After two ridiculously Rock N’ Roll albums, Buckcherry went through a brief, but traumatic, breakup before returning with their biggest album, 2005’s 15, which included smash hits “Crazy Bitch” and “Sorry.” Ever since then the band, throughout various lineups, has been putting out new music and touring nearly non-stop as arguably the last great hard rock band.
Buckcherry have already released two videos from their forthcoming album, “So Hott” and “Hellbound,” which each see the band in classic form, kicking out jams in skintight denim and leather as if they’re playing to a packed arena. And the music is more or less the same bluesy/boozy brand of hard rock we’ve come to expect of the tattooed rockers. The album was even produced and co-written by Marti Frederiksen, who co-wrote “Sorry” and produced their 2008 effort, Black Butterfly. During our recent phoner, Josh tells me that, although the process for writing and recording Hellbound was familiar, it was very important to keep the album concise.
“It was the same approach for us. We write a lot of songs to get down to a 10-song record. We wrote about 28 songs. I mean, I’m not really interested in making an album more than 10 songs. No one really listens to more than 10 songs these days. 12 or 15 songs, that’s crazy. It becomes filler at that point.”
Although Buckcherry fandom tends to be firmly of the hard rock persuasion, Josh tells me that it’s been a lot of years since he’s been a fan of recent entries from the genre and that, when it comes to musical influences, he almost always looks elsewhere.
“It’s always the same. I listen to a lot of hip-hop and pop, because rock hasn’t been dangerous for a long time now, and hip-hop is still dangerous. Listening to hip-hop, the way they craft the lyrics really impacts my vocals, and listening to pop music I think really enhances my melody. I mean, those are the best song writers in the world, so if you wanna be the best, that’s what you listen to. My whole career, that’s always what I’ve done.”
June 1st was opening night of Buckcherry’s current tour, which runs through the end of the year and serves as sort of make up dates for around 100 shows that the band had to cancel last year. As one of the first big bands to embark on a full-scale tour, I’m anxious to hear how the first dates went, but Josh tells me that the shows have more or less already gone back to normal: “It’s been kinda like regular touring. We’ve done a bunch of shows in quarantine and it was a really different, but this feels just like it used to.” Those who made it out to some of the first shows even got a preview of a few tracks from Hellbound not yet available online, including ballad “The Way,” which the band has already said will go over big with fans of “Sorry.”

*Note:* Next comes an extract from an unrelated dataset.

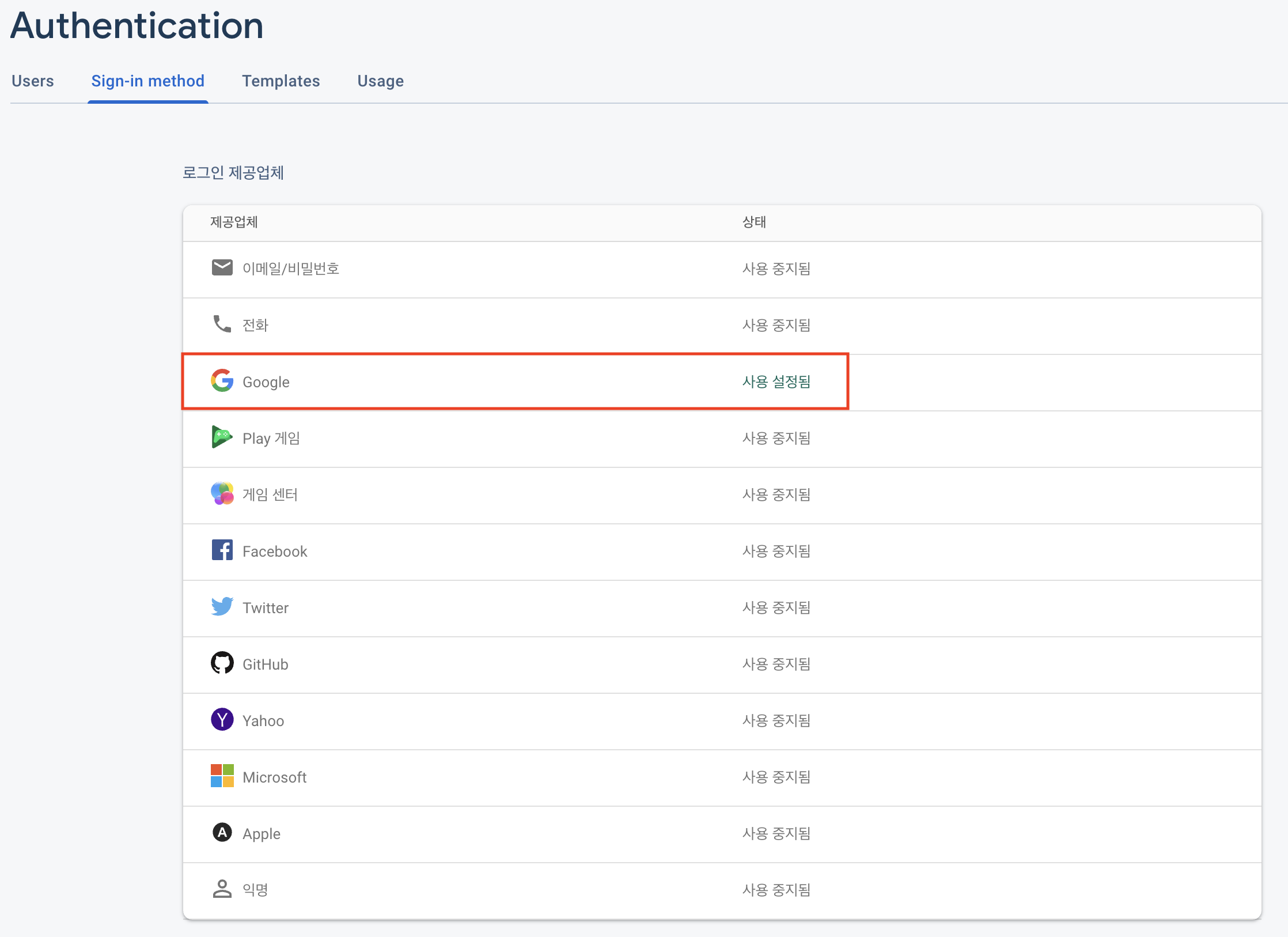 2-2) Sign-in method 탭에서 Google을 클릭하여 사용 설정기능을 On 시켜준다.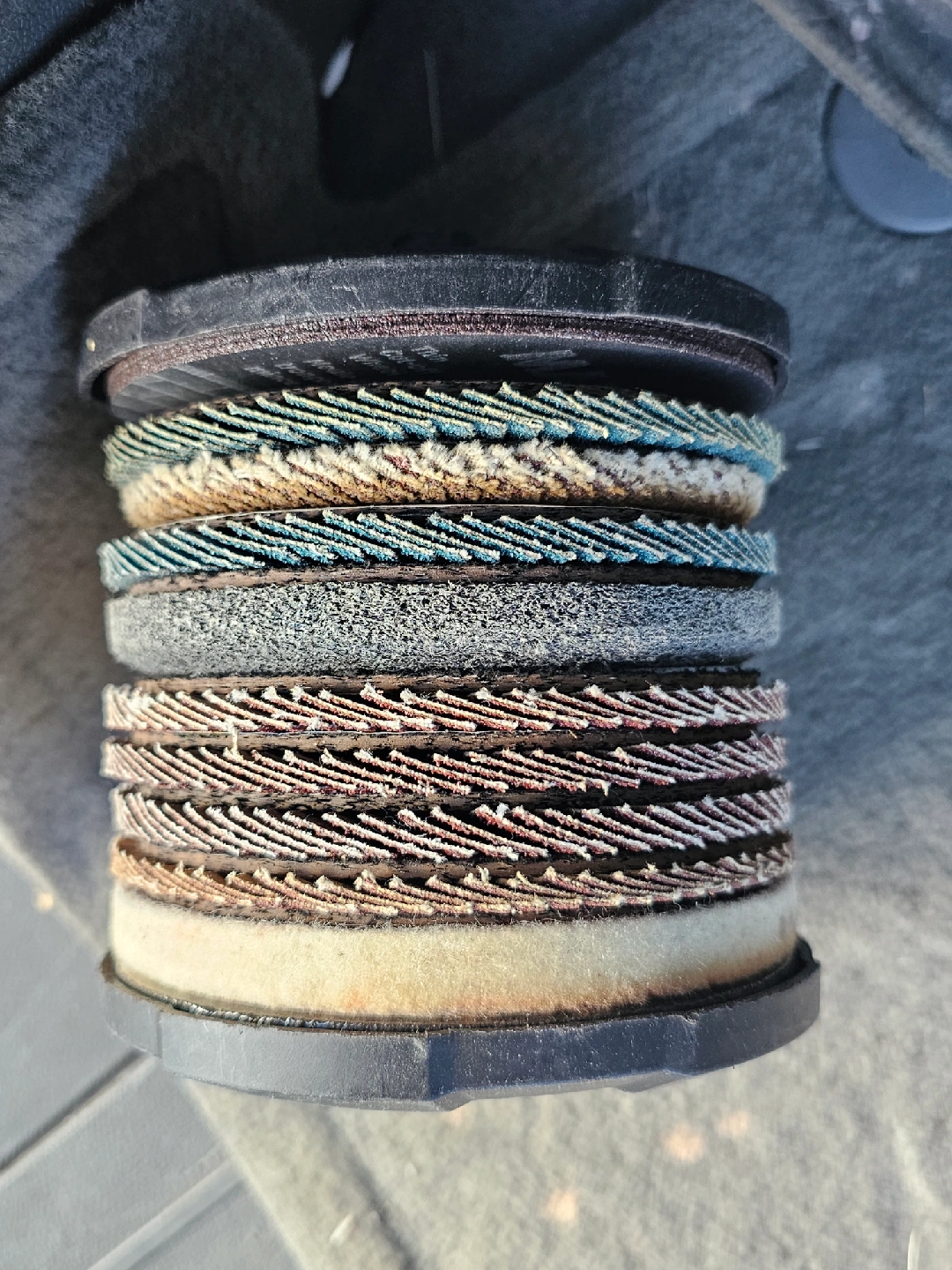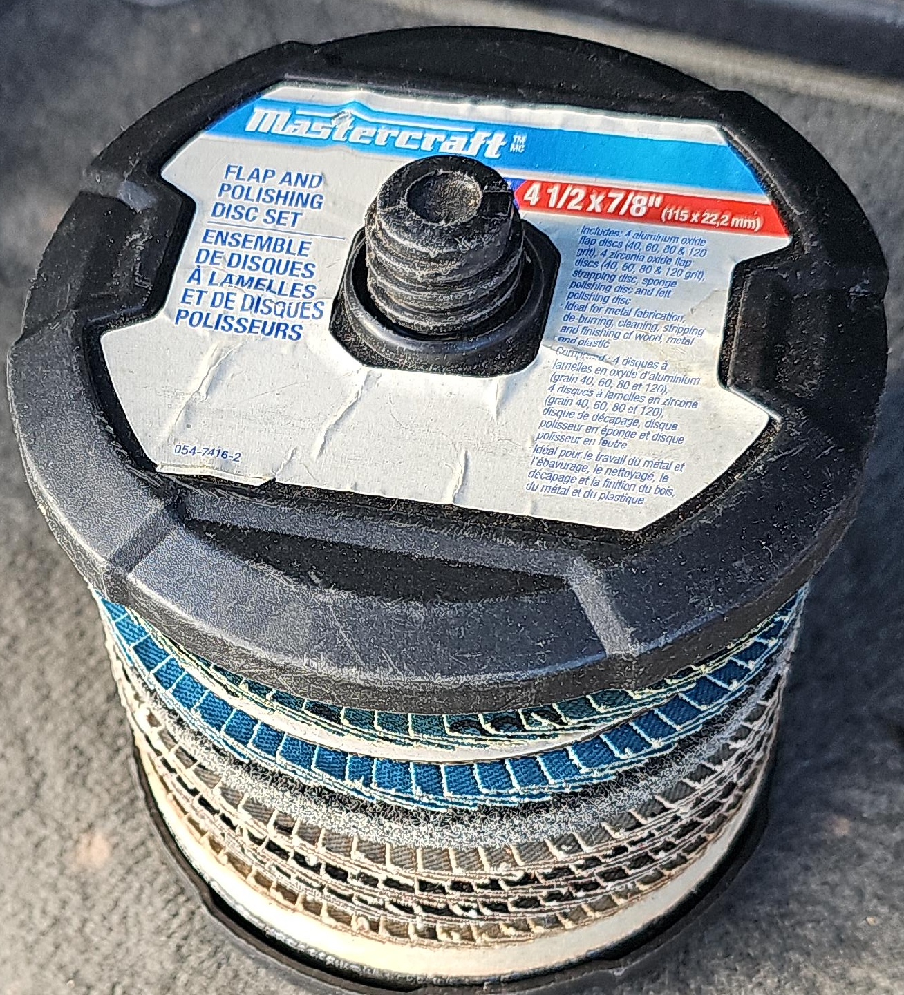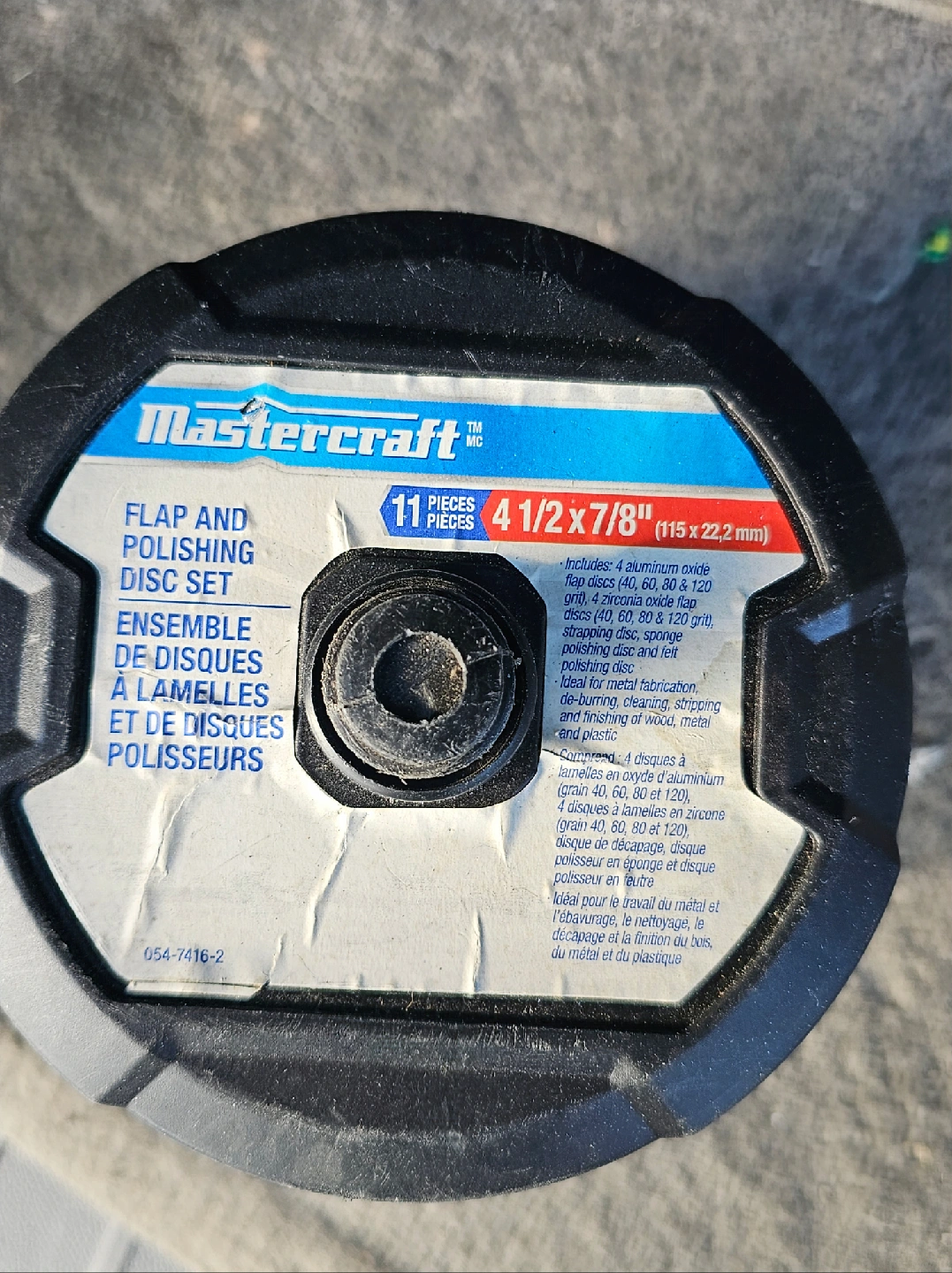 Selling a Mastercraft flap and polishing disc set. This set includes 11 pieces of discs with a size of 4 1/2 x 7/8" (115 x 22.2 mm). It includes 4 aluminum oxide flap discs and 4 zirconium flap discs, ideal for various fabrication tasks such as de-burring, cleaning, stripping, and polishing of wood, metal, and plastic

Aside from an exceptionally extensive tour and a new album, Buckcherry was recently honored when 15 was certified double platinum, in addition to “Crazy Bitch” being certified quadruple platinum and “Sorry” being certified double platinum. What was originally a comeback album very quickly became the fan favorite and commercial highlight of the band’s career, something that Josh tells me he is incredibly thankful for.
“I’m like super grateful. If you knew the story trying to get that record out… That time between Time Bomb and 15 was the hardest thing we’ve ever done. Literally no one would give us a record deal in America. So, we signed a deal with this little label in Japan. That’s why it’s called 15, because we recorded it in just 15 days… Every band has that peak in their career that just marks them as who they are. 15 just seemed to resonate with people and I’m just grateful for that. You work your whole career to make a hit record.”